1. Home
  2. Product
  3. Medications: Latuda® – lurasidone

Medications: Latuda® – lurasidone

MEDICATIONS

Latuda® – lurasidone (View the FDA label)

LATUDA is an atypical antipsychotic for the treatment of:

  • Schizophrenia (1.1, 14.1)
  • Depressive episodes associated with Bipolar I Disorder (bipolar depression), as monotherapy and as adjunctive therapy with lithium or valproate (1.2, 14.2).

Commonly observed adverse reactions (incidence ≥ 5% and at least twice the rate for placebo) were (6.1):

  • Schizophrenia: somnolence, akathisia, extrapyramidal symptoms, and nausea
  • Bipolar depression: akathisia, extrapyramidal symptoms, and somnolence

Cerebrovascular Adverse Reactions in Elderly Patients with Dementia-Related Psychosis: Increased incidence of cerebrovascular adverse events (e.g., stroke, transient ischemic attack) (5.2).

Neuroleptic Malignant Syndrome: Manage with immediate discontinuation and close monitoring (5.4).

Tardive Dyskinesia: Discontinue if clinically appropriate (5.5).

Metabolic Changes: Atypical antipsychotic drugs have been associated with metabolic changes that may increase cardiovascular/cerebrovascular risk. These metabolic changes include hyperglycemia, dyslipidemia, and weight gain (5.6).

  • Hyperglycemia and Diabetes Mellitus: Monitor patients for symptoms of hyperglycemia including polydipsia, polyuria, polyphagia, and weakness. Monitor glucose regularly in patients with diabetes or at risk for diabetes.
  • Dyslipidemia: Undesirable alterations have been observed in patients treated with atypical antipsychotics.
  • Weight Gain: Gain in body weight has been observed. Monitor weight.

Hyperprolactinemia: Prolactin elevations may occur (5.7).

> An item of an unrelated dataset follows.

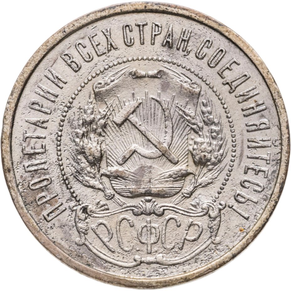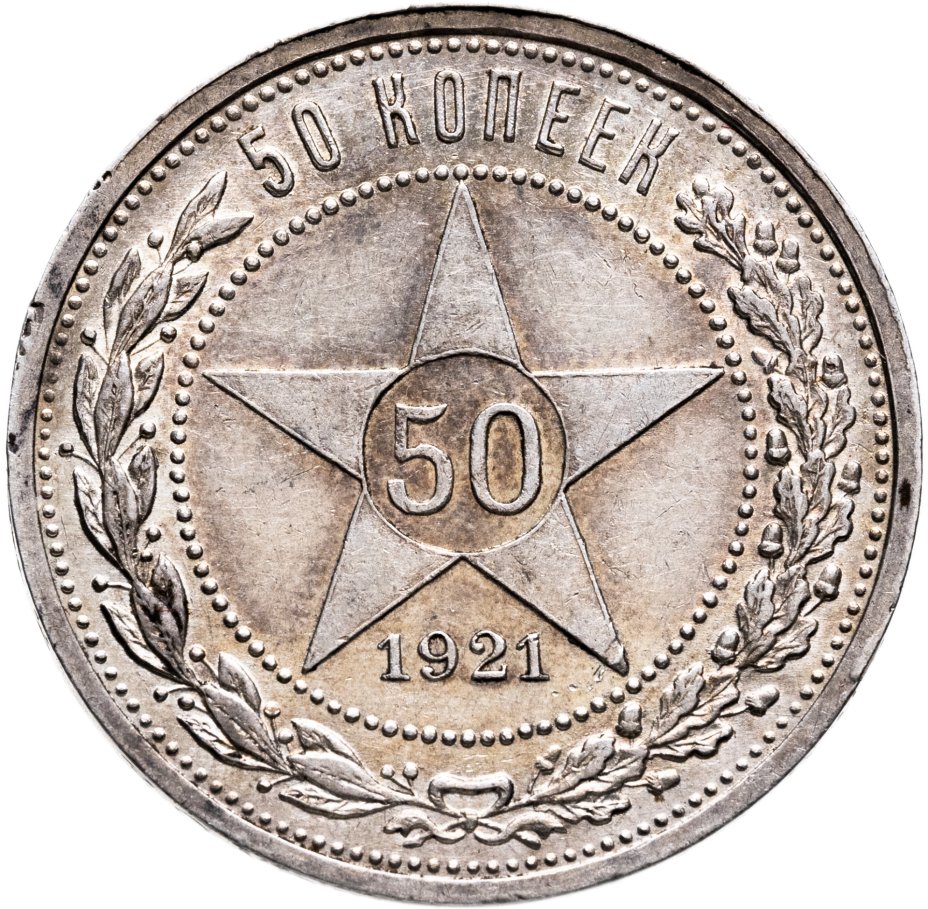Последними, но не первыми — серебряные пятидесятикопеечники чеканились с 1921 года. Впрочем, в обороте РСФСР они практически не встречались, так как фактически были выпущены в денежное обращение в 1924 году уже при СССР. Причина — огромные темпы инфляции в 1921-1923 гг. В те годы денежная масса состояла из бумажных совзнаков достоинством до 100 000 рублей. Стоит ли говорить о том, что реальная стоимость драгоценного металла превышала номинал монеты в сотни (а то и тысячи!) раз?

Leukopenia, Neutropenia, and Agranulocytosis: Perform complete blood counts (CBC) in patients with a pre-existing low white blood cell count (WBC) or a history of leukopenia or neutropenia. Consider discontinuing LATUDA if a clinically significant decline in WBC occurs in the absence of other causative factors (5.8).

Orthostatic Hypotension and Syncope: Dizziness, tachycardia or bradycardia, and syncope may occur, especially early in treatment. In patients with known cardiovascular or cerebrovascular disease, and in antipsychotic-naïve patients, consider a lower starting dose and slower titration (5.9).

Concomitant Use with CYP3A4 Inhibitors
LATUDA should not be used concomitantly with a strong CYP3A4 inhibitor (e.g., ketoconazole, clarithromycin, ritonavir, voriconazole, mibefradil, etc.) [see Contraindications (4)].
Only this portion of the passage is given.